Reading List Surveys & Tutorials

A starting-point reading list of surveys, tutorials, and vision papers that orient newcomers to data lake and model lake research. These are the right entry points before diving into any of the topic-specific lists: they establish the problem definitions, the major research threads, and the open questions that organize everything else.

Topics

  1. Data Lake Foundations & Position Papers
  2. Table Discovery Surveys & Tutorials
  3. Data Lake Systems & Concepts
  4. Model Lakes
01 — Foundations

Data Lake Foundations & Position Papers

The papers that frame data lakes as a research agenda within data management: not just storage, but a collection of problems — discovery, integration, cleaning, versioning, metadata — that classical database research must be rethought to address.

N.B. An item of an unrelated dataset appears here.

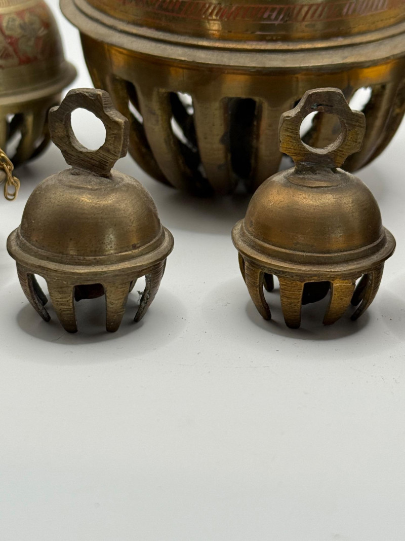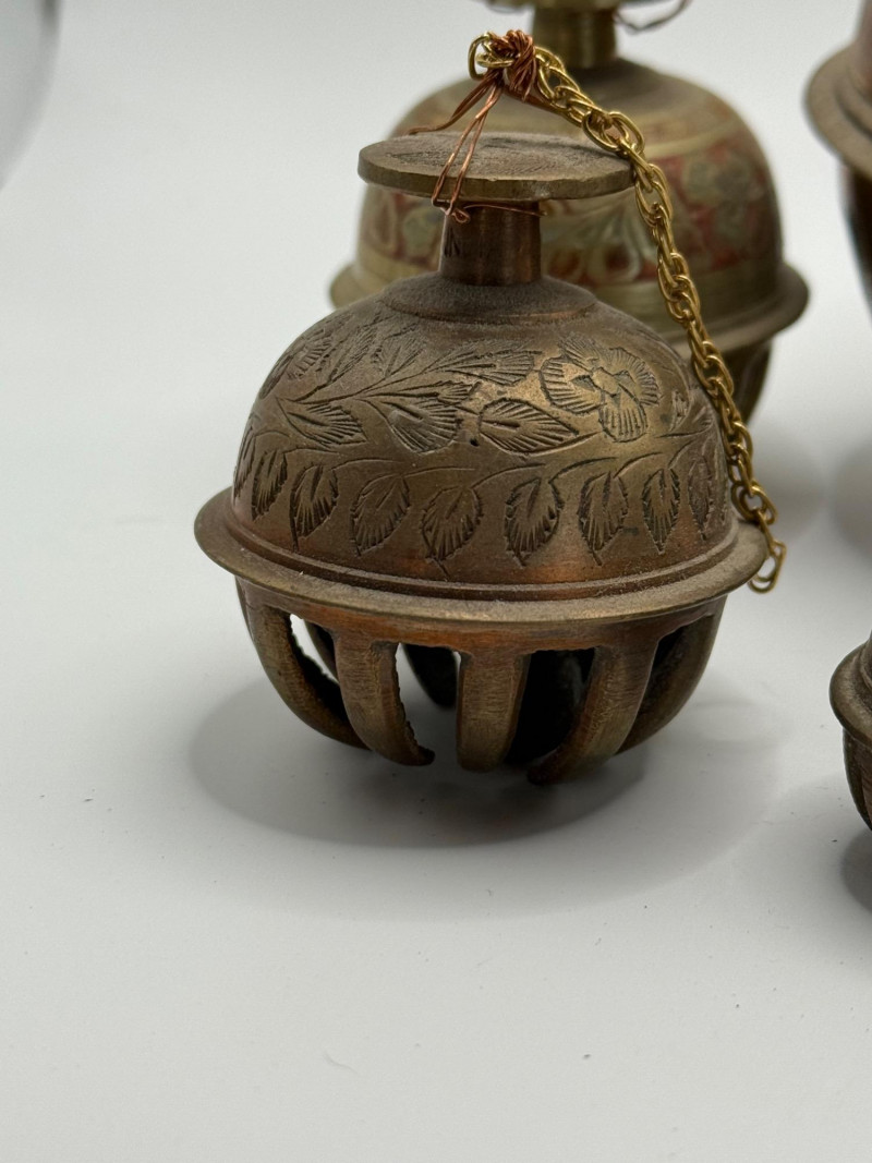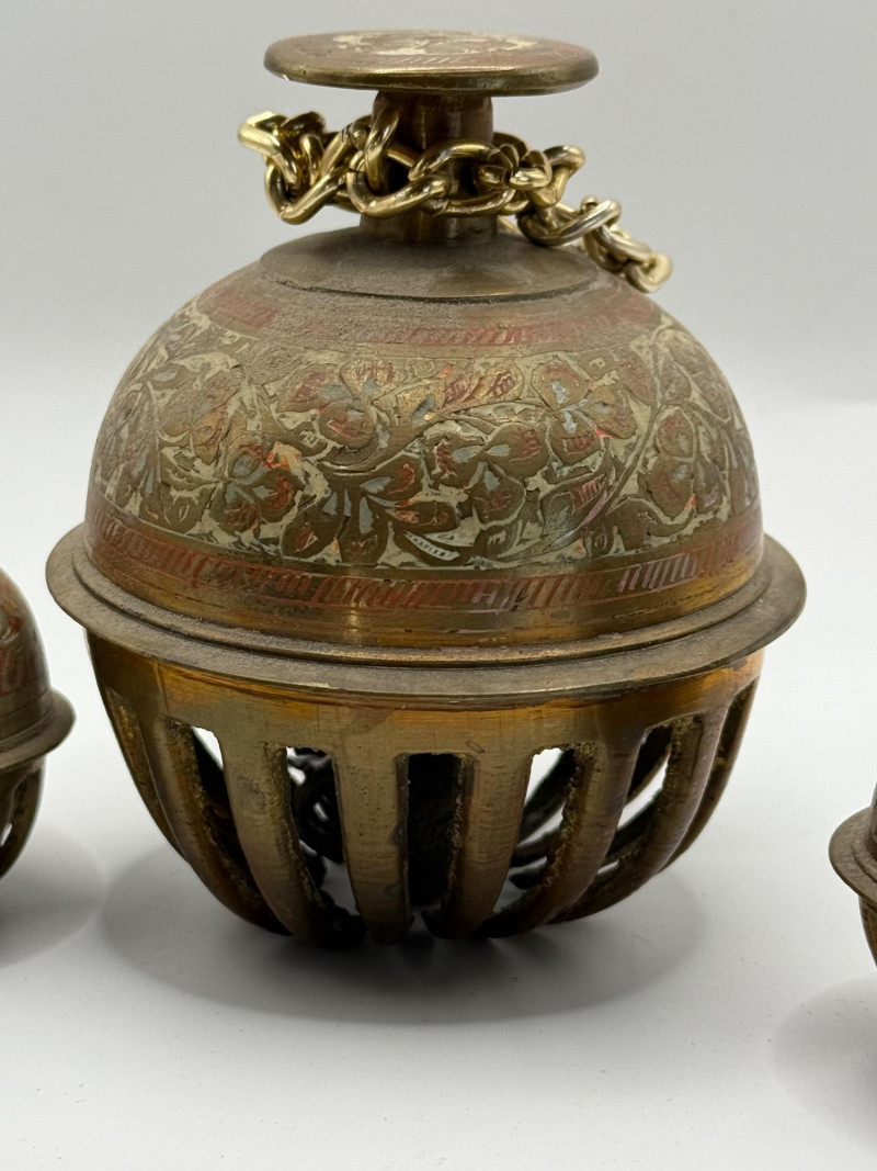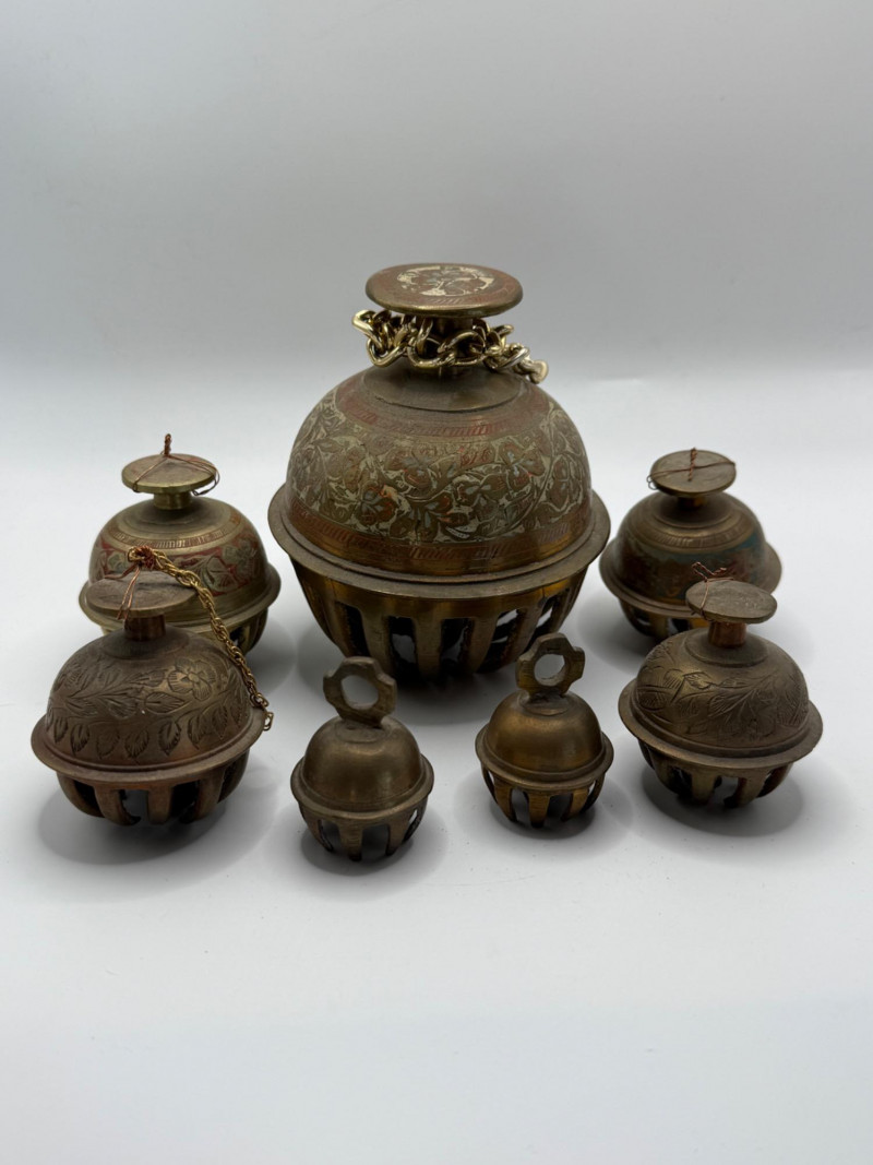 Brass Censers with Chain Handles: Ornate Ritual Vessels for Incense Burning This collection of seven brass or bronze censers—often referred to as incense burners or ritual bells—displays intricate craftsmanship and ceremonial design rooted in religious and cultural traditions. Metal Type: Likely cast from brass or bronze, chosen for its durability, heat resistance, and decorative potential. Surface Finish: Each piece features engraved floral and geometric motifs, enhancing their visual richness and reflecting traditional metalworking techniques. Openwork Design: The bodies include slotted openings that allow incense smoke to escape, creating both aromatic and visual effects during use.Materials and Construction

PVLDB Tutorial201912(12): 1986–1989Required
Data Lake Management: Challenges and Opportunities
F. Nargesian, E. Zhu, R. J. Miller, K. Q. Pu, P. C. Arocena
The defining position paper / tutorial that established data lake management as a research field for the database community. Surveys how data lakes introduce new problems (dataset discovery, navigation) and change the requirements for classical problems (data extraction, cleaning, integration, versioning, metadata management). Presented at VLDB 2019; slides and bibliography available online. The natural first reading for the course.
02 — Discovery

Table Discovery Surveys & Tutorials

Three complementary overviews of the central problem in data lakes — finding the right tables when you don't know what's there. Read together they triangulate the landscape: a unified problem framing, a recent state-of-the-art tutorial, and a deep dive into the algorithmic substrate (indexes and operations).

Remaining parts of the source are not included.